Definition of the flip function in Haskell

2
votes

Currently I am trying to learn Haskell with the book 'Learn You a Haskell' and I'm trying to understand the implementations of the flip function in chapter 5. The problem is that the author states that if g x y = f y x is valid, then f y x = g x y must be also true. But how and why does this reversal affects the two function definitions?

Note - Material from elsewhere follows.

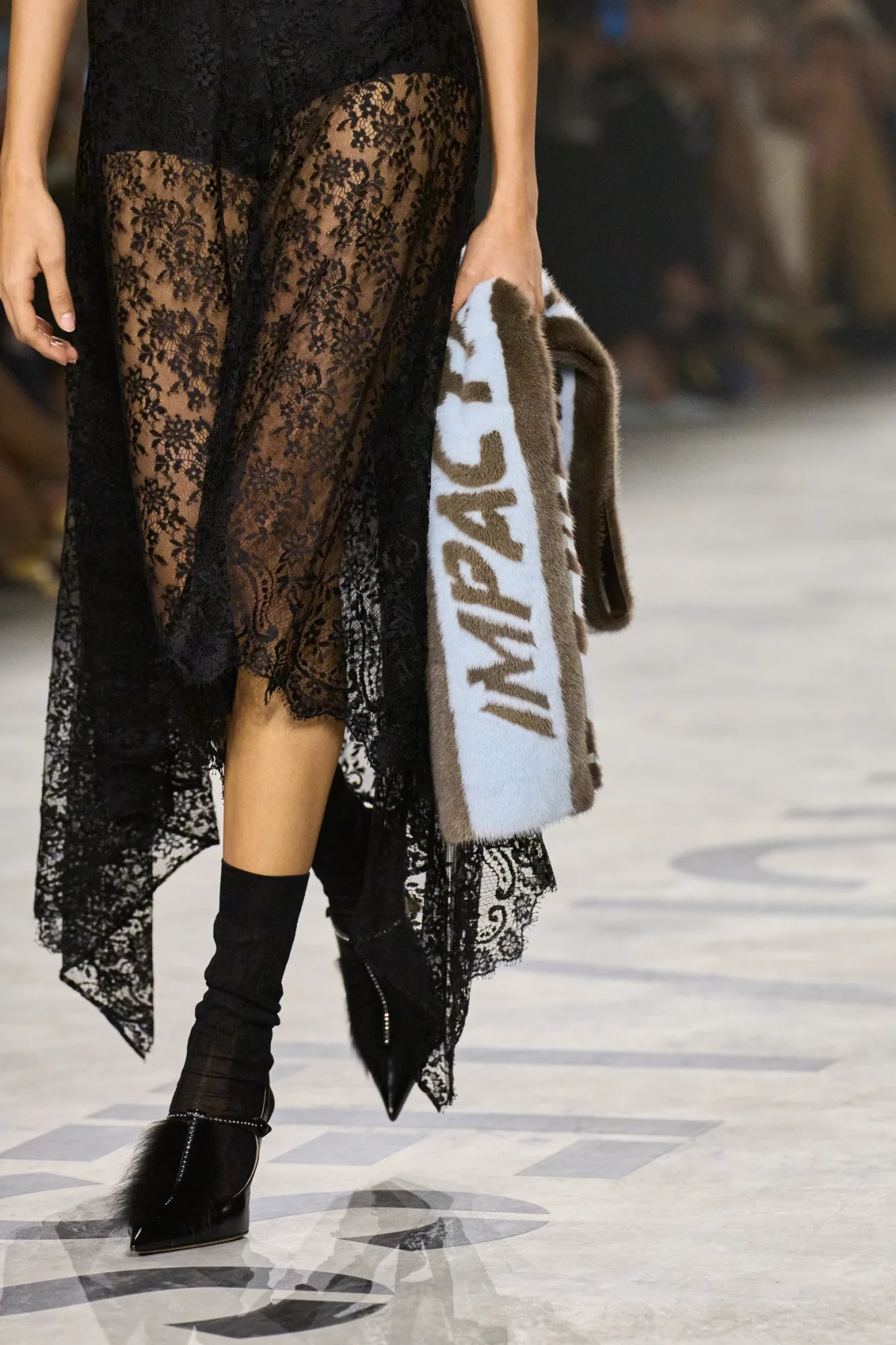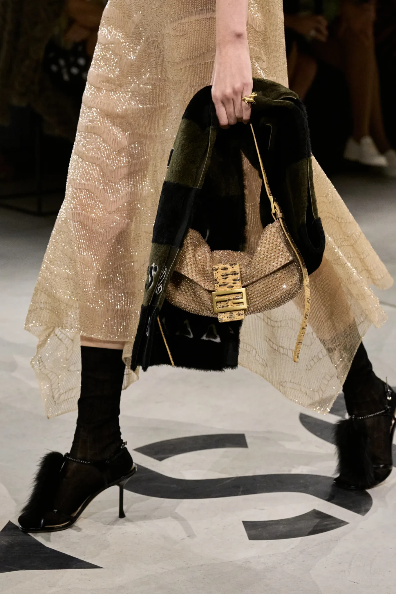 Σε περίπτωση που δεν το γνωρίζετε, το διπλό σύμβολο του οίκου, το F συμβολίζει το "fun furs" και η Maria Grazia Chiuri δεν έχασε χρόνο να μας το υπενθυμίσει στην πιο μοντέρνα και σύγχρονη εκδοχή του. Τις είδαμε παντού. Σε εντυπωσιακά jackets, ως τελείωμα σε γιλέκα αλλά και ως αντίθεση σε λιτές σιλουέτες. Σε συνέντευξή της πριν το ντεμπούτο, δήλωσε: «Όλοι οι πελάτες μας, ακόμη κι αν έχουν γούνα που δεν έχει κατασκευαστεί από τη Fendi, μπορούν να επιστρέψουν σε εμάς και θα δουλέψουμε πάνω σε αυτή». Άλλωστε, ο ιταλικός οίκος ξεκίνησε ως ατελιέ γούνας, αλλάζοντας ριζικά τη θέση του υλικού στο fashion τοπίο.
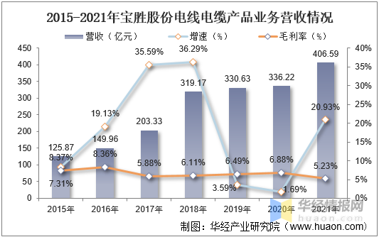 寶勝科技創(chuàng)新股份有限公司(簡(jiǎn)稱(chēng)寶勝股份)是中國(guó)航空工業(yè)集團(tuán)公司旗下的上市公司,公司主要從事電線(xiàn)電纜及電纜附件開(kāi)發(fā)、制造、銷(xiāo)售及相關(guān)的生產(chǎn)技術(shù)開(kāi)發(fā)。公司產(chǎn)品覆蓋裸導(dǎo)體、電氣裝備用電纜、電力電纜、通信電纜及光纜等,是我國(guó)電線(xiàn)電纜行業(yè)主要龍頭企業(yè)之一。據(jù)資料顯示,2021年寶勝股份電線(xiàn)電纜產(chǎn)品業(yè)務(wù)營(yíng)收為406.59億元,同比增長(zhǎng)20.93%,毛利率為5.23%。

I know how currying works and I also know that the -> operator is right-associative by default so the type declarations are in fact the same. I also understand the functions apart from each other but not how the reversal of g x y = f y x is in relation with this.

first flip function

flip' :: (a -> b -> c) -> (b -> a -> c)
flip' f = g
    where g x y = f y x

second flip function

flip' :: (a -> b -> c) -> b -> a -> c
flip' f y x = f x y
2
haskellfunctional-programminghigher-order-functions
Both functions are equivalent, what is the problem? - Willem Van Onsem
I have no idea what the author is trying to say there either. - melpomene
Possibly confusion over f being used in the definition of g, since it's not an argument of g? - chepner

2 Answers

8
votes

I think the argument the author has in his head got wildly abbreviated to the point that it's not even sensical. But here is my guess about the reasoning. We start with the first definition:

flip f = g where g x y = f y x

Now we observe that this is a curried thing, and we use all the discussion of associativity of (->) and junk to write the same thing, but with two extra arguments to f. Like this:

flip f x y = g x y where g x y = f y x

Now we have the equation that he called out as going both ways: g x y = f y x and vice versa. We can rewrite the body of the flip using this equation, like this:

flip f x y = f y x where g x y = f y x

Since the body of the definition no longer mentions g, we can delete it.

flip f x y = f y x

And now we're pretty much there. In the final definition, the author has swapped the names x and y everywhere. I don't know why they chose to do so, but it is a legal move that you can make in equational reasoning, so no problem there. Doing so gives us their final equation:

flip f y x = f x y
3
votes

flip takes a function and returns the flipped version of the function. One way to define flip' is to include the application in the definition itself, since

flip' f y x = f x y  ===> flip' f y = \x -> f x y
                     ===> flip' f = \y -> \x -> f x y

That is, flip' f is a function that applies f to its own arguments in reverse order.

The second definition simply gives the anonymous function \y -> \x -> f x y a name first, then uses that name as the definition of flip' f x y.

                     ===> flip' f = g where g = \y -> \x -> f x y
                     ===> flip' f = g where g y = \x -> f x y
                     ===> flip' f = g where g y x = f x y

That is, flip' f is some function g, where g is defined to apply f to the arguments of g in reverse order.

The definitions g x y = f y x and g y x = f x y are equivalent up to alpha conversion. In both cases, f is a free variable in the definition of g; g is as a closure over the f argument to flip'.